При этих словах он вырвал камею из руки отпущенника. Пожирая ее глазами и по временам внимательно всматриваясь в Мелиссу, он продолжал с увлечением:
– Это она. Только слепец, дурак, человек злонамеренный может сомневаться в этом! Если отныне кто-либо осмелится глумиться над моим убеждением, что я рожден для продолжения слишком рано угасшей жизни благородного героя, то ему придется раскаяться в этом! Здесь – это так естественно, – здесь, в городе, им основанном, носящем его имя, я удостоверился, что узы, соединяющие сына Филиппа с сыном Севера – со мною, не могут быть названы вымыслом фантазии.

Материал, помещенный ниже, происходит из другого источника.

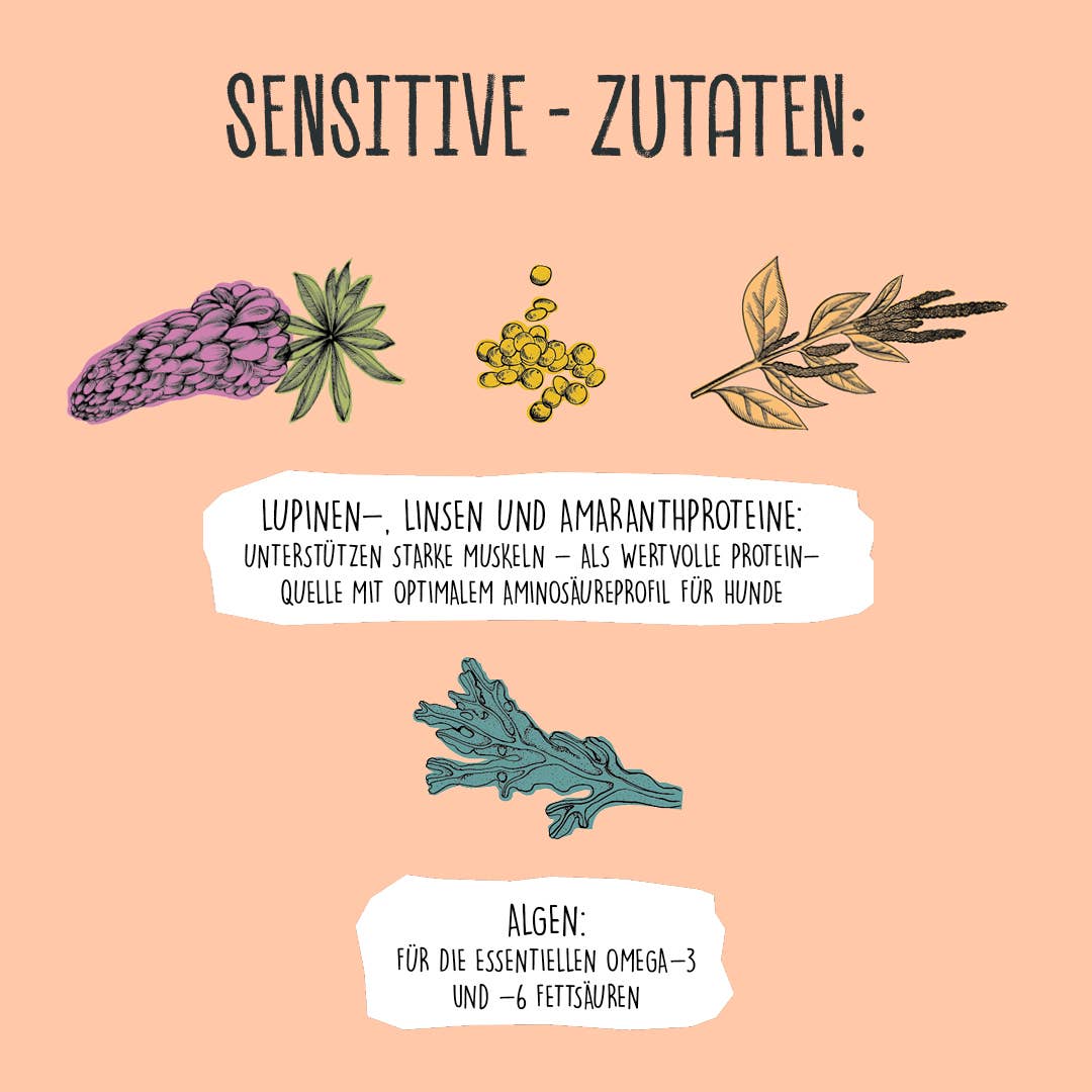 Das Nassfutter ist besonders für Allergiker und futterempfindliche Hunde ab zwölf Monaten geeignet. Bei der Herstellung wird bewusst auf die Zugabe sämtlicher Hauptallergene von Hunden verzichtet, und damit der Eiweissbedarf ausreichend gedeckt ist, werden bei der Herstellung Lupinen-, Linsen- und Amaranthproteine verwendet. Diese wertvollen Proteinquellen verfügen über ein optimales Aminosäureprofil für Hunde und stärken damit die Muskeln Deines Vierbeiners.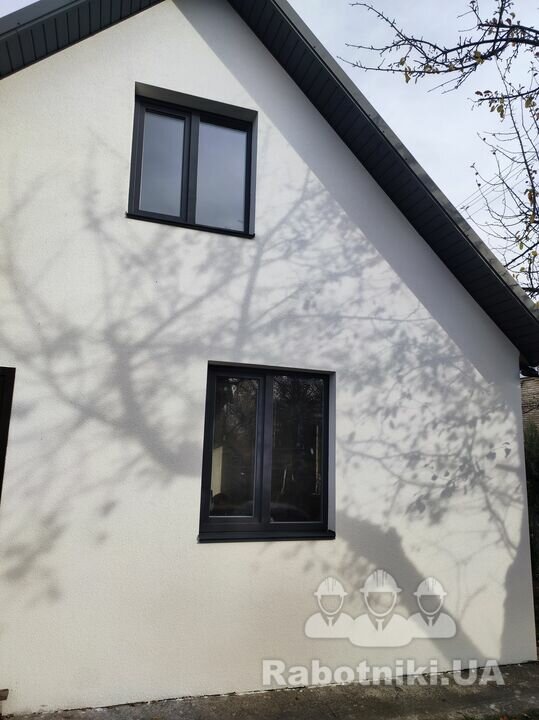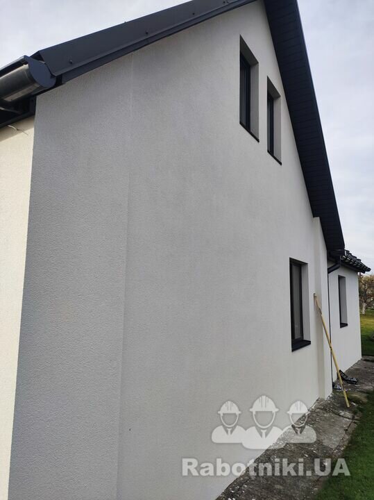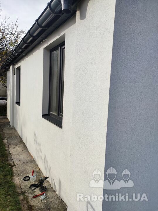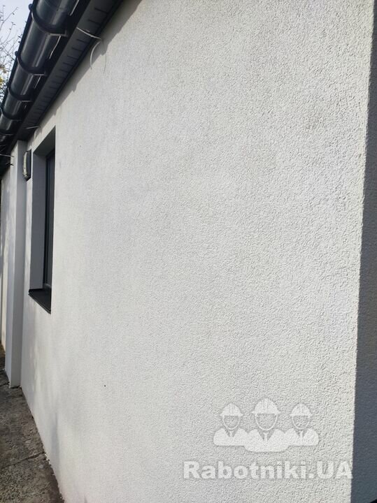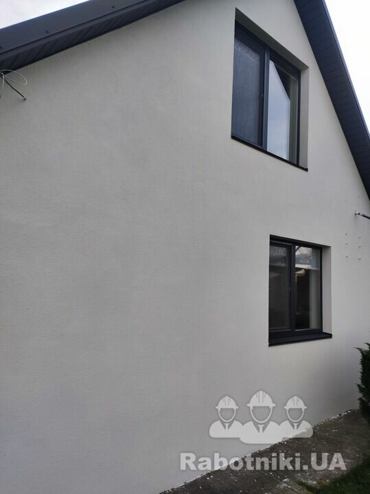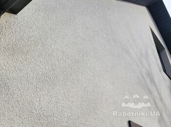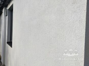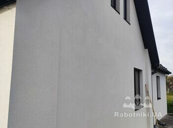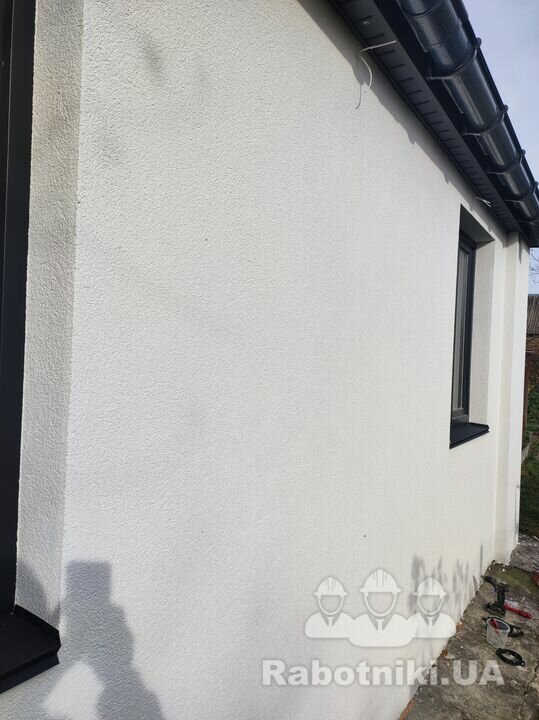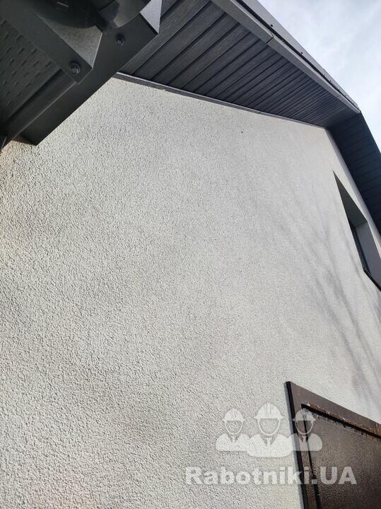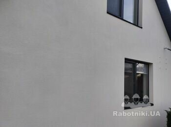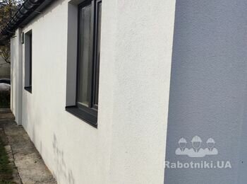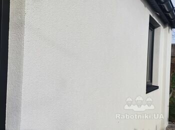 Завдання було декоративна штукатурка фасаду "баранець", сумарно 110м2+відкоси, декоративні колони. Обрав їх, бо побачив фото робіт та якість, які мені сподобалися. Три зовсім молодих хлопця, спокійні та дуже порядні. Всю роботу виконали за 2 дні (перший обклеювання всіх примикань, підшиви, вікон тощо та грунтування кварц-грунтом, другий - власне штукатурка). Все виконали на відмінно! За собою все прибрали, майже не довелося щось там чистити та мити. Працюють зі штукатуркою дуже економно, з відра 25кг штукатурки витягують 10+м2. Це чудовий результат! Показую фото не здалека, як всі, а спеціально окремі ділянки, щоб було видно якість примикань, фактуру поверхні, повну відсутність будь яких плям та переходів. Дуже задоволений роботою!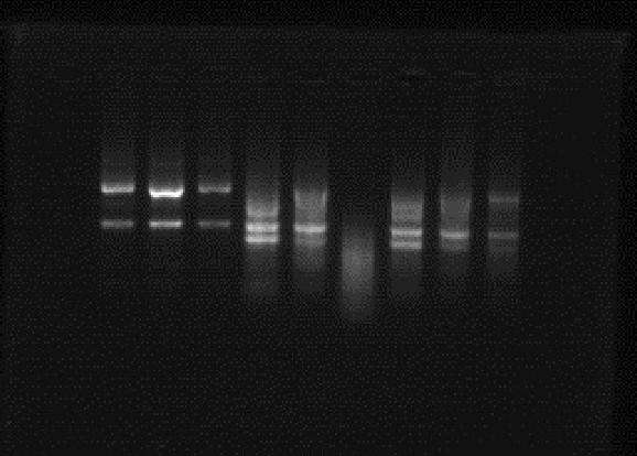 RNA要是只出现两条带,可以多跑一会,第三条带多跑会可能会出来的。不知道你是用什么方法提RNA 的,我当时是用Trizol法提的,虽然最后肉眼看不出来有东西,但后来跑胶的时候有东西,刚开始也是只有两条带,后来又跑了一会第三条带出现了。有机会把我跑的给你看下。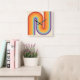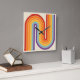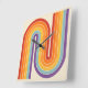 This artwork channels a retro graphic spirit, forming the letter‑like curve with parallel bands of red, orange, yellow, light blue, teal, and purple. The layered arcs flow in harmony, evoking the bold optimism of 1970s design. Set against a soft beige background, the vibrant rainbow palette stands out with clarity and rhythm. The composition balances simplicity and dynamism, creating a timeless visual that feels both nostalgic and modern.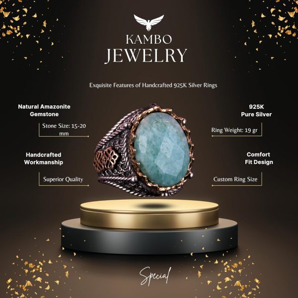 KAMBO Özel Koleksiyonu, 925K Saf Gümüş Erkek Yüzüklerimizin benzersiz zarafetini keşfetmeye davet ediyor. Her biri doğal taşlarla zenginleştirilmiş olan bu koleksiyondaki taşlar, kendine has güzellikleri ve getirdikleri enerji ile seçilmiştir. El yapımı yüzüklerimiz, zarif işçiliğin bir kanıtıdır ve lüks ile kişisel ifadeyi yansıtır. KAMBO, ince takı dünyasına samimi bir yolculuk sunarak, yüzüğünüzü tam istediğiniz boyutta ve tercihinize göre kişiselleştirme imkanı sunar. Doğa ve sanatı bir araya getiren olağanüstü taşlı yüzüklerimizle tanışın; her biri kalite, tatmin ve zamansız zarafet vaadi taşır. Yüzük Ağırlığı: 19gr Taş Boyutu: 15-20mm
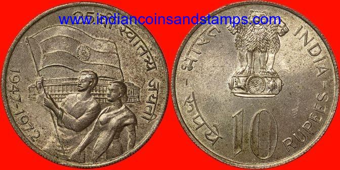 10 Rupees 1972 25th Year of Indian Independence Mumbai Silver
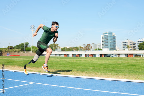 Running amputee in motion.
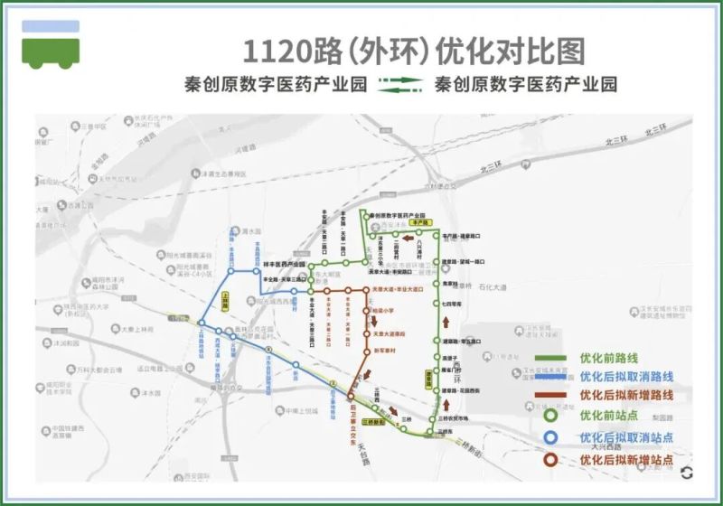 取消站点:后卫寨地铁站、新店、沣东自贸园地铁站、火烧寨、世纪大道·奥兴路口、上林路地铁站、上林路·丰昌路口、丰昌路西段、石化大道·科贸一路口、西贺村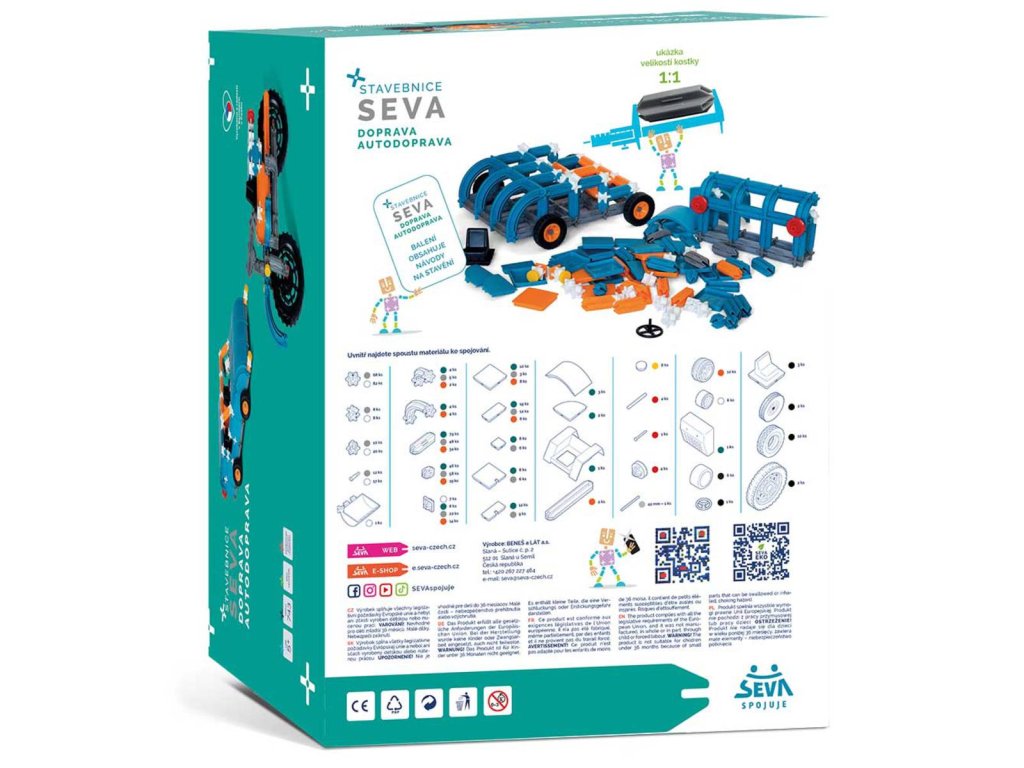 Stavebnice SEVA je kreativní, dětem rozvíjí mysl i manuální zručnost a její variabilita určitě osloví i Vás ...můžete si z ní postavit funkční vozidla, stroje, letadla, budovy, nábytek, lodě, vlaky...

Эта девушка, вглядись-ка в нее попристальнее, в ней воскресла душа Роксаны так же, как во мне – душа Александра, ее мужа. Теперь и тебе, вероятно, уже стало ясно, почему случилось, что это юное существо не могло противостоять влечению вознести в молитве за меня свои руки и сердце. Ее душа, когда она обитала еще в теле Роксаны, была соединена узами любви с душой героя; теперь же в груди этого бесхитростного ребенка проснулось влечение к незабвенной душе, которая здесь, здесь, в этой груди, искала и нашла для себя новое жилище.
Император говорил с таким воодушевлением и чувством, тоном столь глубокого убеждения в истине своей странной фантазии, как будто он возвещал божественное откровение.
Затем он подозвал к себе философа и предложил ему сравнить вырезанное на ониксе изображение Роксаны с лицом его юной протеже.
Красавица-персиянка была изображена стоящей против Александра. Они подавали друг другу руки для заключения брачного союза, и над головами счастливой четы крылатый Гименей поднимал свой пылающий факел.